### PROBLEM
Narrow the data below down to the lines containing "Minh".

### SOURCE DATA
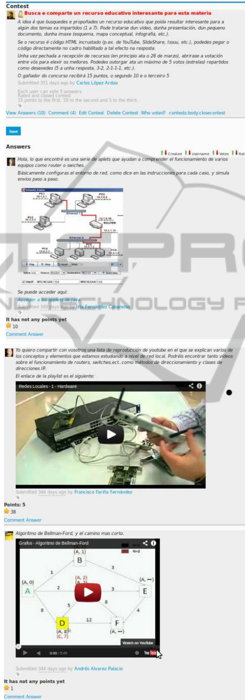
Fig. 2. View of the challenge module.
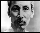
Ho Chi Minh

During World War II, when France was occupied by Nazi Germany, it lost its foothold in Vietnam, and Japan took control of the country. The Viet Minh resisted these Japanese oppressors and extended its power base throughout Vietnam. When Japan surrendered at the end of World War II in 1945, Ho Chi Minh's forces took the capital of Hanoi and declared Vietnam to be an independent country, the Democratic Republic of Vietnam .

### WRITTEN RESPONSE
Ho Chi Minh
During World War II, when France was occupied by Nazi Germany, it lost its foothold in Vietnam, and Japan took control of the country. The Viet Minh resisted these Japanese oppressors and extended its power base throughout Vietnam. When Japan surrendered at the end of World War II in 1945, Ho Chi Minh's forces took the capital of Hanoi and declared Vietnam to be an independent country, the Democratic Republic of Vietnam .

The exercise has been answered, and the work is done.